Ehrlich’s comments come more than a week after Senate President Thomas V. Mike Miller Jr., D-Calvert, said the failure of the governor’s slot machine bill may cause funding of the Thornton Plan, which phases in education dollars incrementally through 2008, to be stretched out over several more years.
Thornton, passed in 2002, requires unprecedented education funding increases without providing a revenue source to pay for it. Ehrlich had originally proposed financing the remainder of the plan through his $800 million slot machine bill, though he later said he would fund it despite slots’ failure.
But the remainder of Thornton funds may still be spread out over more years, Miller said.
“Thornton funding is going to be delayed” because of the slots failure, he said. “We’re facing fiscal hell next year.”
Thornton was passed to create education equity among counties and to specifically address needs of students who are poor, in special education or have limited English skills.
Under Thornton, the state’s 24 jurisdictions are required to develop comprehensive master plans on their use of federal, state and local dollars. In addition, school systems must offer full-day kindergarten to all students by 2008 and pre-kindergarten to poor children by the same year.
Because the state is facing an estimated $800 million budget gap, lawmakers tried, and failed, to extend Thornton phase-in funding by four years. Supporters of the plan won several other battles, including the guarantee – for now – of full funding through 2008 and the placement into law of a formula to alleviate cost-of-living differences between counties.
Lawmakers also rejected a built-in, stepped-down Thornton funding formula, called a “trigger” provision, by passing legislation to overturn it. The so-called “Thornton Lite” formula would have cut funding by about $2 billion through 2008.
In overturning the trigger provision, the Legislature was aided by an Attorney General’s memo that it could be unconstitutional, and leaving it intact could open the state to a lawsuit.
“We operate in good faith,” said Delegate Sheila Hixson, D-Montgomery. “We were a little stunned” to learn the trigger was unconstitutional.
Ehrlich allowed the Legislature’s action overturning the trigger to become law without his signature, thereby shoring up the final four years of funding.
“We’re happy with the way that it worked out,” said Sen. Ulysses Currie, D-Prince George’s.
But Delegate Anthony O’Donnell, R-Calvert, said the Legislature skirted its responsibility in not debating whether the state could afford the rest of Thornton.
“It’s unfortunate that we didn’t address a long-term funding source, which the trigger would have done,” the House minority whip said.
The state operating budget included about a $319 million increase in education dollars, a slight trim from Ehrlich’s proposed $326 million increase. But excluded from the budget was an estimated $45 million to compensate some counties for their high costs of living.
That money fell into a gap in the law after the Attorney General ruled it was not an official part of Thornton, so the Senate tucked it into its slots bill.

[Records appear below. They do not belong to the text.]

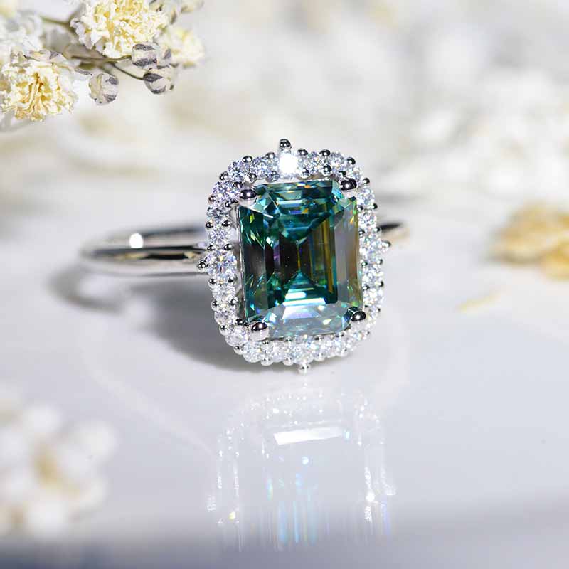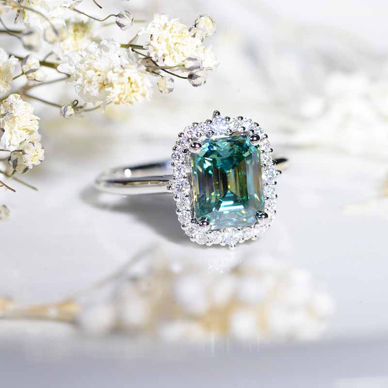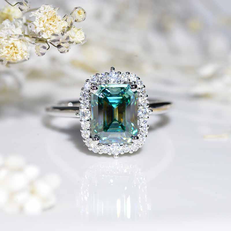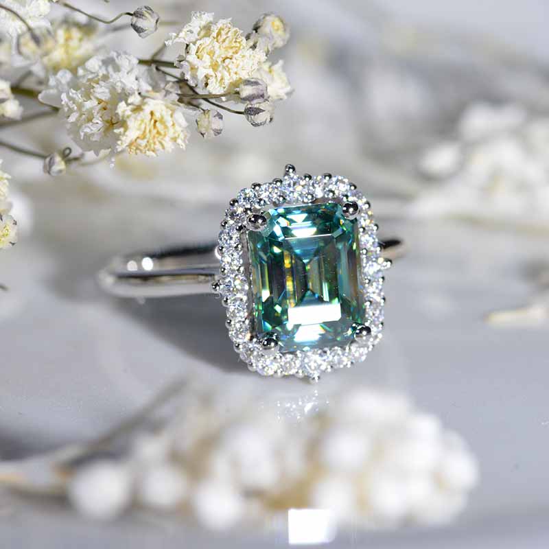 3Ct Green Moissanite Engagement Ring, Emerald Cut Halo Moissanite Enga - Giliarto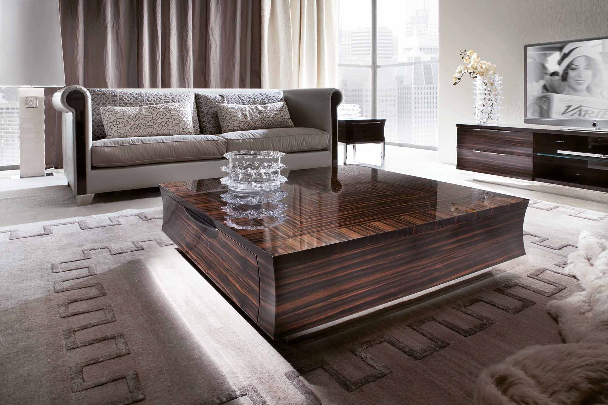 方形木制鸡尾酒桌,望加锡乌木贴面,缎面饰面。2个全延伸抽屉,底部采用天鹅绒面料。2个不锈钢手柄和底座。
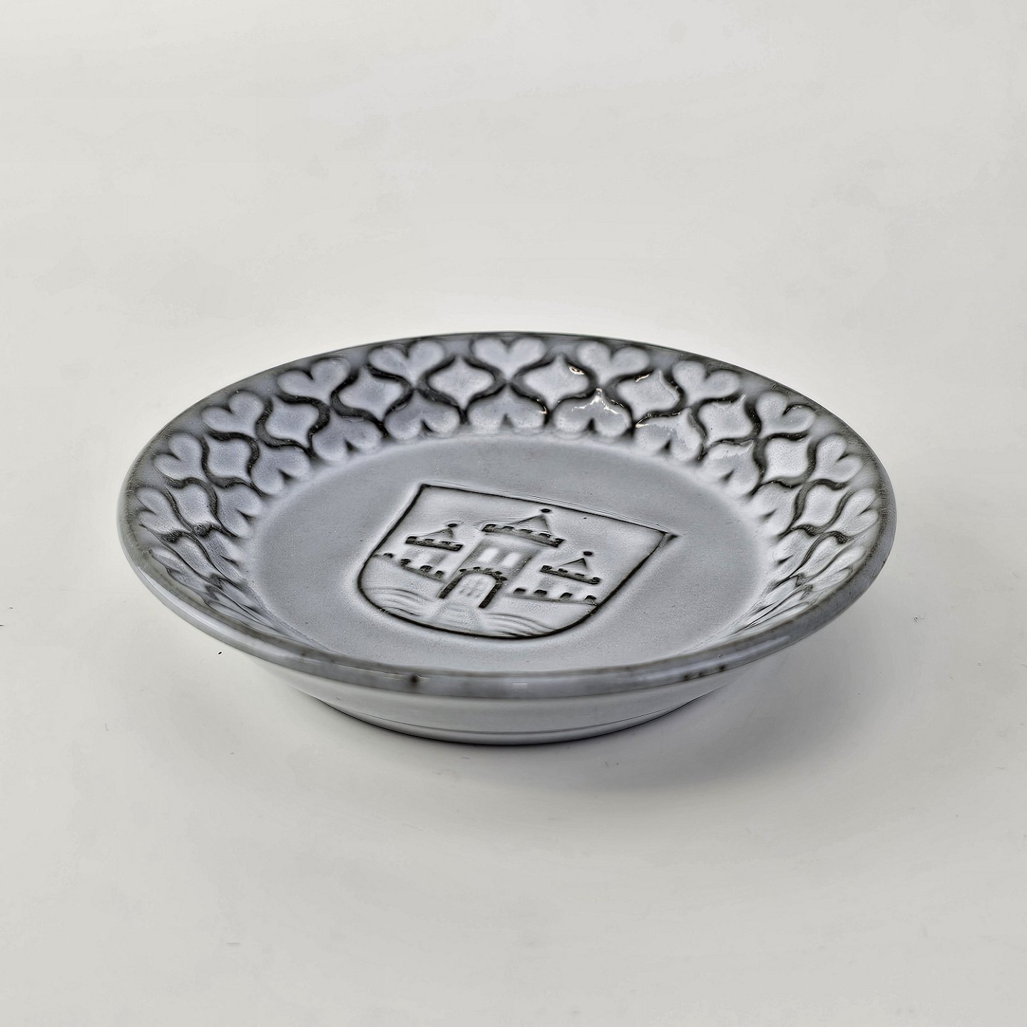 Kuvert askebægre af stentøj fra stellet Grå Cordial med Randers Byvåben

When slots died, the provision was spared by rolling it into the appropriations bill, however counties receiving the extra dollars would not get them until fiscal year 2006, and then only if the state has the available funds.

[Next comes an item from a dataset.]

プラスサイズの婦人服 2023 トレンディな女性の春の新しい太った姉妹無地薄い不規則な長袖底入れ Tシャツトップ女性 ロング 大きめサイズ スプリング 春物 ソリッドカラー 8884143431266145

“Next year when the governor looks at the budget, he’s going to see (the formula) there,” Miller said.
School construction made several gains this year, as well. The Senate killed a bill to increase funds by closing a corporate tax “loophole,” but the Legislature approved a proposal to allow counties to forge public-private partnerships to pay for school construction and renovation. In addition, the General Assembly increased state school construction dollars by about $15 million, to a total of $114 million.

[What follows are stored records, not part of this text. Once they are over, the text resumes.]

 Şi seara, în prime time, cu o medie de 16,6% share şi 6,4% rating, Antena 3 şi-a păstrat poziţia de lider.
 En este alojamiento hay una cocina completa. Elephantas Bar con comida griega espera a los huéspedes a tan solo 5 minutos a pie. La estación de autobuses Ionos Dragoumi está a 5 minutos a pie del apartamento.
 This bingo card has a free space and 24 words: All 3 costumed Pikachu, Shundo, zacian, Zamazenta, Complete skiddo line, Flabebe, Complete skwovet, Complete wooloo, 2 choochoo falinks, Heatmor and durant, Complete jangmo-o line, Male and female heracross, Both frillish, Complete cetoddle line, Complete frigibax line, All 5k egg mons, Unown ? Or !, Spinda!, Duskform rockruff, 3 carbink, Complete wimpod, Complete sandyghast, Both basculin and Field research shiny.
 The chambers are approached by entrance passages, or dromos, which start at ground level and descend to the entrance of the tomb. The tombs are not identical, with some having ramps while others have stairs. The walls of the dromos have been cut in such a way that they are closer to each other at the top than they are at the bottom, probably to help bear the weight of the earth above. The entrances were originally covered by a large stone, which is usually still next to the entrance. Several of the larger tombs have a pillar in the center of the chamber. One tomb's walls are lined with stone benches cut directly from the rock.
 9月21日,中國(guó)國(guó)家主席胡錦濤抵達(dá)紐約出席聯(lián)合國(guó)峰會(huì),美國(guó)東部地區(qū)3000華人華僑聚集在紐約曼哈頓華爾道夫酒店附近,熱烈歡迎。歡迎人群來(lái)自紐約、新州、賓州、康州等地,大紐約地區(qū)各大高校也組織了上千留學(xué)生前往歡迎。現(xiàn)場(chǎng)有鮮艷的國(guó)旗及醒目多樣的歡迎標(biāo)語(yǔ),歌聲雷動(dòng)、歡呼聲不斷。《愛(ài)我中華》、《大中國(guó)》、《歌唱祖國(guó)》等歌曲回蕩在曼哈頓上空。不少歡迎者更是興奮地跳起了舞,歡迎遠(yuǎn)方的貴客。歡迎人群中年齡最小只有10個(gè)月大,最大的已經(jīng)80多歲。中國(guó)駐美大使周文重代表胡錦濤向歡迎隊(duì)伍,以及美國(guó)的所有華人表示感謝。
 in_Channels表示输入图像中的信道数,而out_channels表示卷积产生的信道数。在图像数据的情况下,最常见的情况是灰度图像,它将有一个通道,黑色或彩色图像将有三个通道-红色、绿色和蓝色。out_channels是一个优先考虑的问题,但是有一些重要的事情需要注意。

A bill to allow counties to opt out of Thornton’s full-day kindergarten requirement failed.
The Baltimore City schools financial crisis – the system faces an estimated $58 million deficit – prompted lawmakers to require local school boards to provide additional fiscal audits to the State Department of Education, the governor and the General Assembly.
“Accountability measures,” Currie said, “will hopefully prevent that.”